TASK OBJECTIVE
After locating the line that contains "ШАГ 4 Разогреваем", quote it and all lines after it through the end of the entries, and nothing more. Pictures stay out.

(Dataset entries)
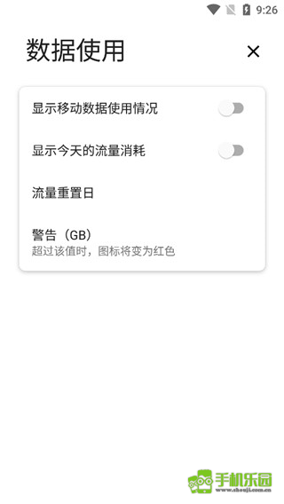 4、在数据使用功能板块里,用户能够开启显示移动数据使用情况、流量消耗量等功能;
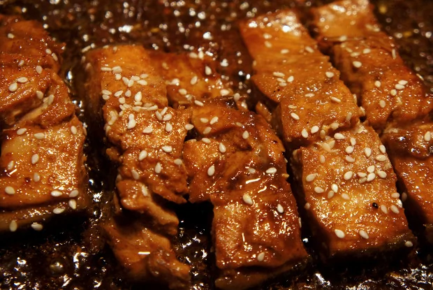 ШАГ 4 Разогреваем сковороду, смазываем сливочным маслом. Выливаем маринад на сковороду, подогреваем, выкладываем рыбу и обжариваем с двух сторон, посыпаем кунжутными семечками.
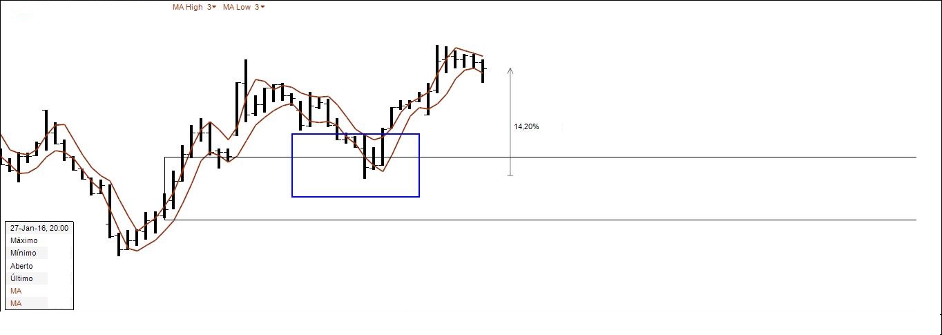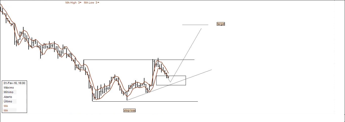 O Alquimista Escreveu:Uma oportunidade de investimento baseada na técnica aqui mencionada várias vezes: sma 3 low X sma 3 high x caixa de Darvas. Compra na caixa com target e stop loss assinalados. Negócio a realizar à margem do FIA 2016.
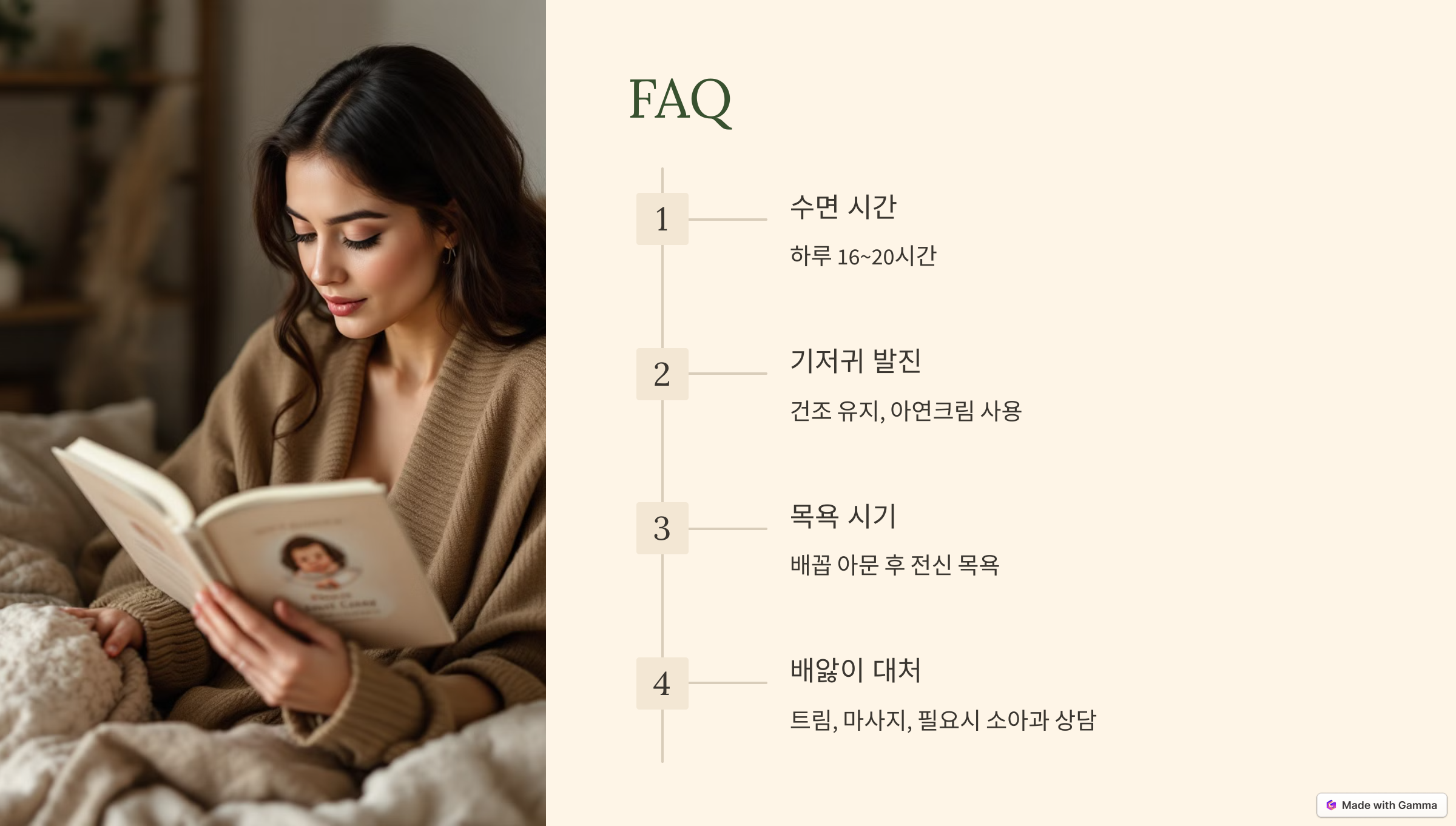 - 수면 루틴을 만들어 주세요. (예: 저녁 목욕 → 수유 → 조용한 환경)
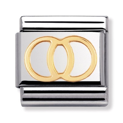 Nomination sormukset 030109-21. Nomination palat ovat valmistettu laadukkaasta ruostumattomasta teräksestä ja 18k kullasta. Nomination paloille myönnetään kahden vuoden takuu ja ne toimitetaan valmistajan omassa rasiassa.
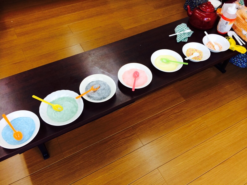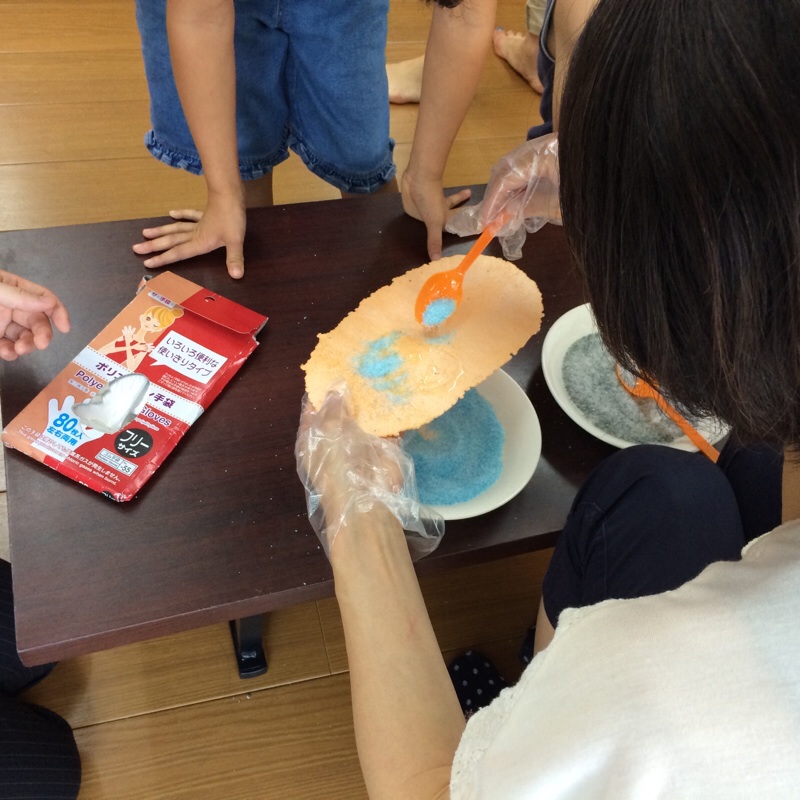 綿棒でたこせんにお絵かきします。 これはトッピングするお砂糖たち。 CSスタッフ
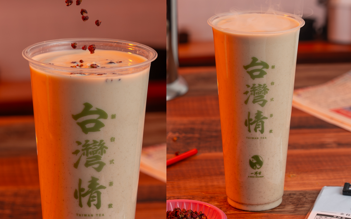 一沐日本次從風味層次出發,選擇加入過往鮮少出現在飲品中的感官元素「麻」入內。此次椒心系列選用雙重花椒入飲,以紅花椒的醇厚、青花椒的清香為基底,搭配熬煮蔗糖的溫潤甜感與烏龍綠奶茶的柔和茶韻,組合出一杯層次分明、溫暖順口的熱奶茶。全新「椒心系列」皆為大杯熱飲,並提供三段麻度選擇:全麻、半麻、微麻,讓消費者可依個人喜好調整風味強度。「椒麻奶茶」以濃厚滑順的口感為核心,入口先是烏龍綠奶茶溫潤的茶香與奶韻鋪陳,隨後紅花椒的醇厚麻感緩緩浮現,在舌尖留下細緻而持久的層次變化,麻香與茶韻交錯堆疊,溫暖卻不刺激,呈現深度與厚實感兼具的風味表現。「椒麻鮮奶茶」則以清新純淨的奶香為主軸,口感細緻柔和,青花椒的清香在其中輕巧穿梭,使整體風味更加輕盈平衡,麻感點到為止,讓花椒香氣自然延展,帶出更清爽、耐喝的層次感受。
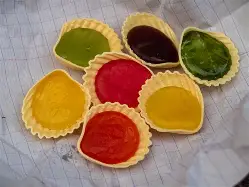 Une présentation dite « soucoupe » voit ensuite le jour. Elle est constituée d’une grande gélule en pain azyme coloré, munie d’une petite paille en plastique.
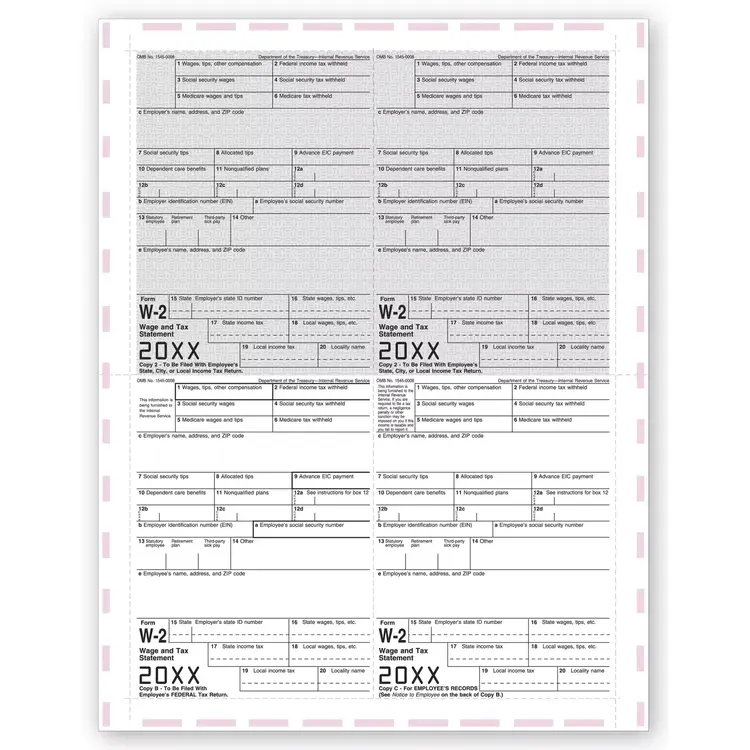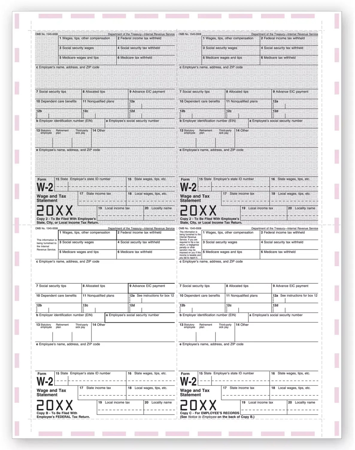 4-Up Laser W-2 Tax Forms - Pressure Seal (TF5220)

FINAL ANSWER
 ШАГ 4 Разогреваем сковороду, смазываем сливочным маслом. Выливаем маринад на сковороду, подогреваем, выкладываем рыбу и обжариваем с двух сторон, посыпаем кунжутными семечками.
 O Alquimista Escreveu:Uma oportunidade de investimento baseada na técnica aqui mencionada várias vezes: sma 3 low X sma 3 high x caixa de Darvas. Compra na caixa com target e stop loss assinalados. Negócio a realizar à margem do FIA 2016.
 - 수면 루틴을 만들어 주세요. (예: 저녁 목욕 → 수유 → 조용한 환경)
 Nomination sormukset 030109-21. Nomination palat ovat valmistettu laadukkaasta ruostumattomasta teräksestä ja 18k kullasta. Nomination paloille myönnetään kahden vuoden takuu ja ne toimitetaan valmistajan omassa rasiassa.
 綿棒でたこせんにお絵かきします。 これはトッピングするお砂糖たち。 CSスタッフ
 一沐日本次從風味層次出發,選擇加入過往鮮少出現在飲品中的感官元素「麻」入內。此次椒心系列選用雙重花椒入飲,以紅花椒的醇厚、青花椒的清香為基底,搭配熬煮蔗糖的溫潤甜感與烏龍綠奶茶的柔和茶韻,組合出一杯層次分明、溫暖順口的熱奶茶。全新「椒心系列」皆為大杯熱飲,並提供三段麻度選擇:全麻、半麻、微麻,讓消費者可依個人喜好調整風味強度。「椒麻奶茶」以濃厚滑順的口感為核心,入口先是烏龍綠奶茶溫潤的茶香與奶韻鋪陳,隨後紅花椒的醇厚麻感緩緩浮現,在舌尖留下細緻而持久的層次變化,麻香與茶韻交錯堆疊,溫暖卻不刺激,呈現深度與厚實感兼具的風味表現。「椒麻鮮奶茶」則以清新純淨的奶香為主軸,口感細緻柔和,青花椒的清香在其中輕巧穿梭,使整體風味更加輕盈平衡,麻感點到為止,讓花椒香氣自然延展,帶出更清爽、耐喝的層次感受。
 Une présentation dite « soucoupe » voit ensuite le jour. Elle est constituée d’une grande gélule en pain azyme coloré, munie d’une petite paille en plastique.
 4-Up Laser W-2 Tax Forms - Pressure Seal (TF5220)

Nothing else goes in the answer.